The Journal of Prevarication
The Most Trusted Name in Lying
By Jim Cook
Official State Liar of Arizona
This is one of the proudest moments in the ten-year history of The Wickenburg Institute for Factual Diversity. We have been commissioned to develop a plan to reform health care for hypochondriacs.
The impact that hypochondriacs have on health care costs has been largely overlooked amid the hysteria and bloodshed of the 2009 health care debate.
Let me say right up front that I’m not a hypochondriac. I may be suggestible, but my ills are real, and devilishly hard to identify.
Twenty years ago, I watched TV commercials for wonderful new drugs to treat dreadful ailments. I’d think about my symptoms and think, “Gee, I wonder if that’s what I have?”
Often, I’d decide to have some other disease, whose side-effects were not so catastrophic.

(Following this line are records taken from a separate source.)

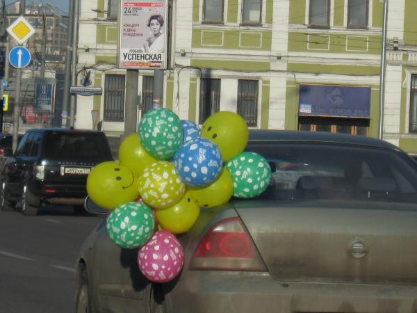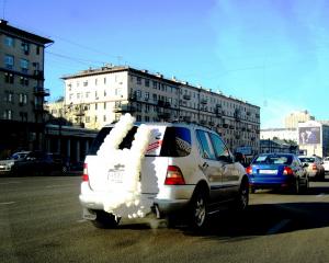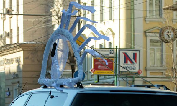 В акции приняли участие владельцы самых разных авто: от видавших виды жигулят до бентли и белоснежного роллс-ройса. И украшали их очень по-разному: от одинокой ленточки на антенне до дорогостоящих и не очень конструкций.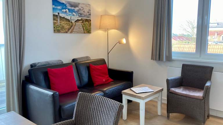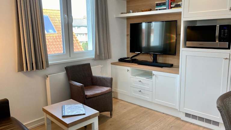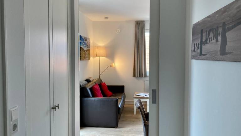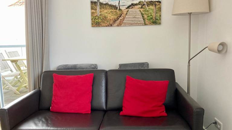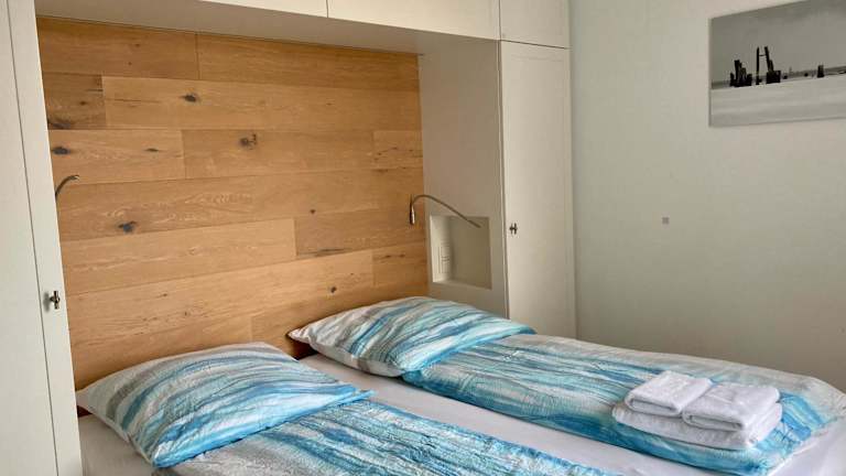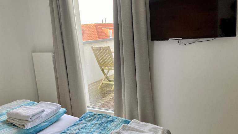 Die Ferienwohnung verfügt über einen Balkon, ein Schlafzimmer, ein Wohnzimmer und eine gut ausgestattete Küche mit Kühlschrank und Geschirrspüler. Handtücher und Bettwäsche werden bereitgestellt.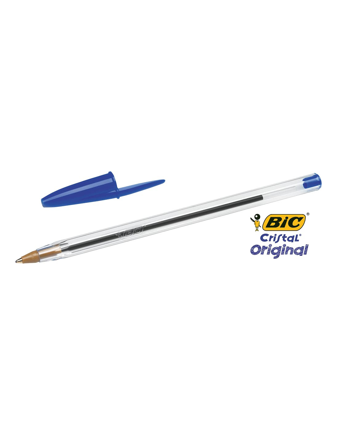 Caja con 50 bolígrafos BIC CRISTAL color AZUL. Cuerpo transparente con tapón y capuchón de seguridad ventilado. Tinta base aceite. 3000 m longitud media de escritura. Punta 1 mm, trazo 0.32 mm. Producto certificado con etiqueta ecológica NF Environment.

Nowadays, I watch commercials about even more esoteric ailments and think, “Thank God, I don’t have that–yet.”
To begin research on our project, I went looking for Larry, who walks around with the fingers of his right hand checking the pulse in his left wrist. I interviewed him a few days ago in his den, where he has used empty pill bottles to build a scale model of the Mayo Clinic.

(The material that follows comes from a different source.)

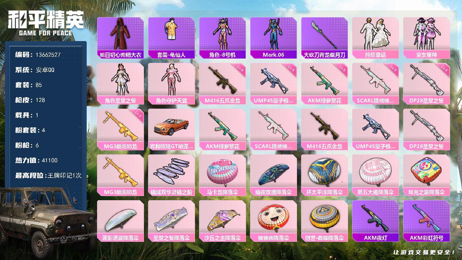 85套装/枪械6/装备163/载具1/战备87/王牌印记1/热力值41100/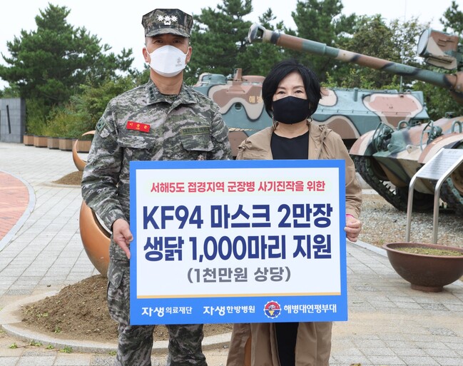 사진/자생의료재단은 지난 6일 해병대 연평부대에 코로나19 예방과 건강 증진을 위한 격려물

Larry was happy to talk about his poor health, because it diverted him from thinking about another big disappointment. He is a life-long prospector, and he finally found a pretty good vein of gold out by Octave. The big strike was framed by three Joshua trees growing in a triangle. Larry took note of the spot, and came to town to toast his good fortune.
When he went back, he couldn’t find his mine. It was one of those super-hot August days, and the three trees had gone looking for shade. Of course, Larry feared that he had hallucinated about the mine, but that didn’t account for the nuggets in his pocket.
I know better than to ask a hypochondriac, “How are you?” I said, “Hey, Larry, how’s your copperosity sagaciatin’?” My grandfather used to ask my dad that nonsense question, which means, “How are you?”
Larry answered, “A day late and a dollar short. My lassitude is enlarged, my forehead feels warm, and my nose is dry. I have a simultaneous jawbone, chronic presarpsis, and Stockholm syndrome.”
“Have you been to see the doctor?”
“Not since Wednesday. Doctors and wives always want to know what my symptoms are. I don’t have any of the usual symptoms. I suffer from Maylasia. That’s a French word for feeling crappy all over.”
I’ll spare you Larry’s talk of his kidneys and gastrointestinal system.
As Larry talked, I began to feel a little dizzy. Even more dizzying is the challenge ahead of us. Holy internist. This is not going to be easy to figure out.
We have to develop a reform plan to insure people who have imaginary diseases. That implies an imaginary health care plan, with imaginary doctors, phantom nurses and facsimile prescriptions. Selling the plan will require finesse, and maybe skillful television pitchmen.
People have been wildly imaginative in their objections to health care reform, so they should be able to imagine a stealth health plan. On the bright side, the plan would not raise taxes.
I ran into Larry at the pharmacy today. He was refilling 28 prescriptions.
He said he just celebrated his hundredth birthday, and he feels lousy. “I have adult tension deficit disorder. I saw an ad on TV.”